» Task requirements: From the first line of the data through the line containing "Ang mungkahi ni", transcribe each line exactly. Pictures do not belong in the copy.

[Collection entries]
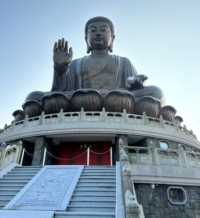 Tian Tan Buddha or Giant Buddha statue at Po Lin Monastery Ngong Ping, Lantau Island, Hong Kong, China.
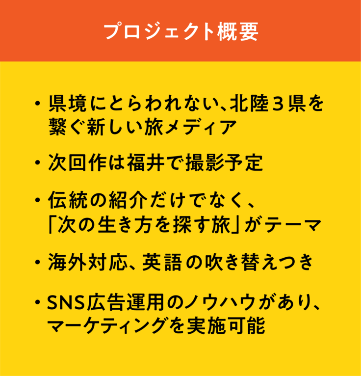 「北陸を横断する、上質な旅の動画メディアを立ち上げたい!]
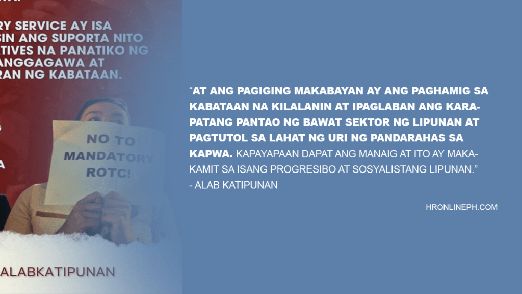 Ang mungkahi ni Duterte-Carpio na mandatory military service ay isa lamang paraan ng mga reaksyunaryo upang palakasin ang suporta nito mula sa mga right-wing, anti-communist, at conservatives na panatiko ng gobyernong Marcos-Duterte. Walang malasakit sa manggagawa at maralita ang mga elementong ito at hindi dapat tularan ng kabataan.
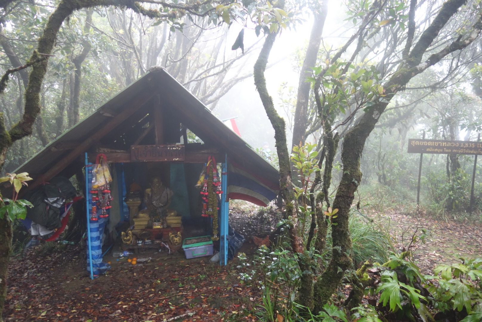 1.835 Meter über dem Meeresspiegel ganz oben am Gipfelkreuz   Gipfelbuddha vom Khao Luang.
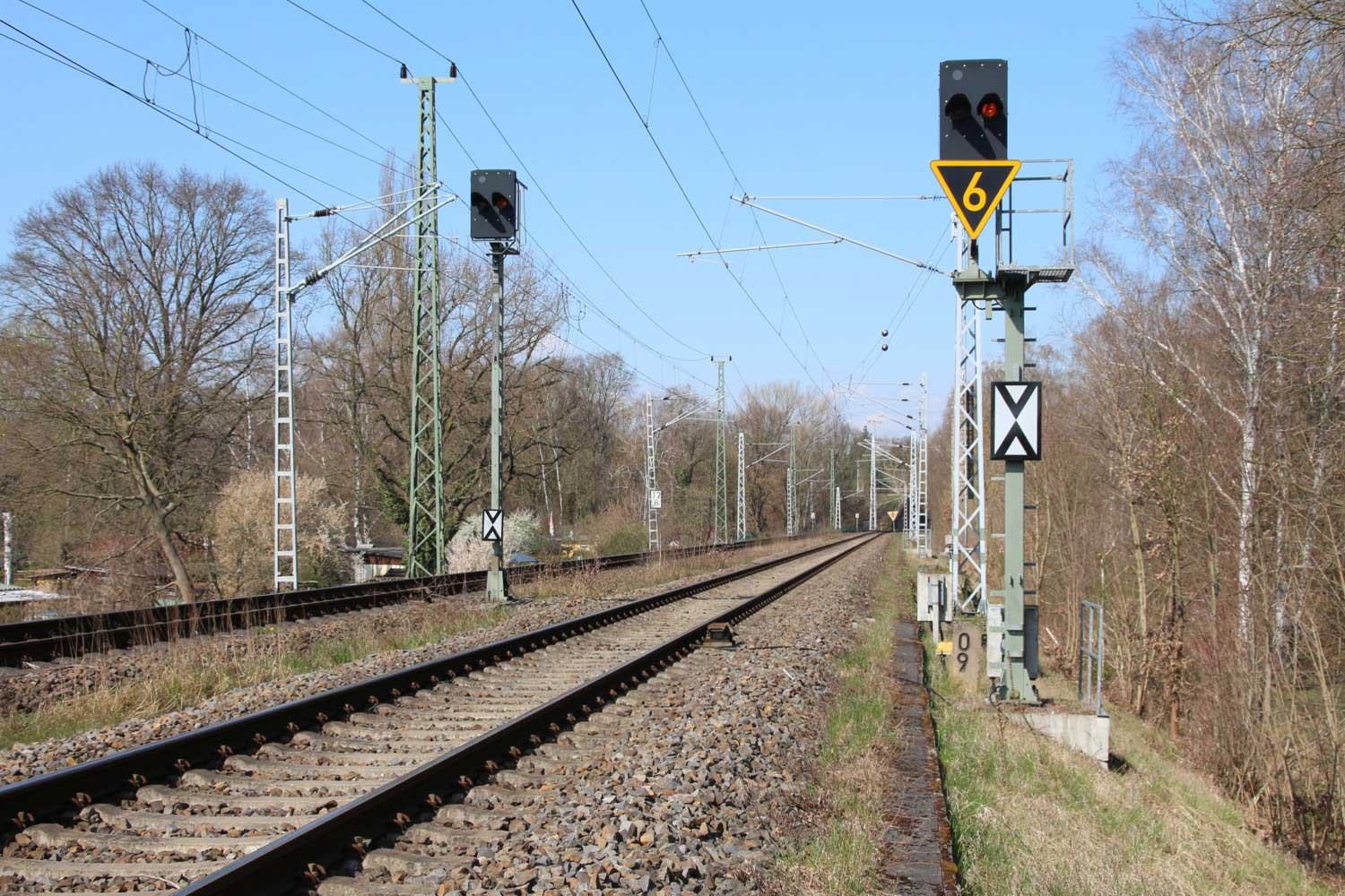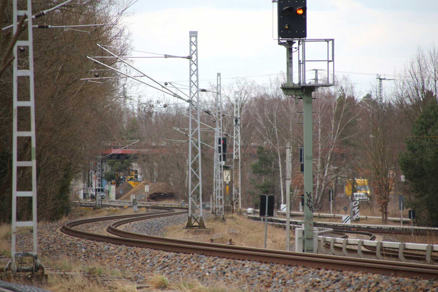 km 12,8 (Richtungsgleis) und km 13,0 (Richtungsgleis) im Bereich Grünauer Kreuz - Blick Richtung Görlitz

» The answer:
 Tian Tan Buddha or Giant Buddha statue at Po Lin Monastery Ngong Ping, Lantau Island, Hong Kong, China.
 「北陸を横断する、上質な旅の動画メディアを立ち上げたい!]
 Ang mungkahi ni Duterte-Carpio na mandatory military service ay isa lamang paraan ng mga reaksyunaryo upang palakasin ang suporta nito mula sa mga right-wing, anti-communist, at conservatives na panatiko ng gobyernong Marcos-Duterte. Walang malasakit sa manggagawa at maralita ang mga elementong ito at hindi dapat tularan ng kabataan.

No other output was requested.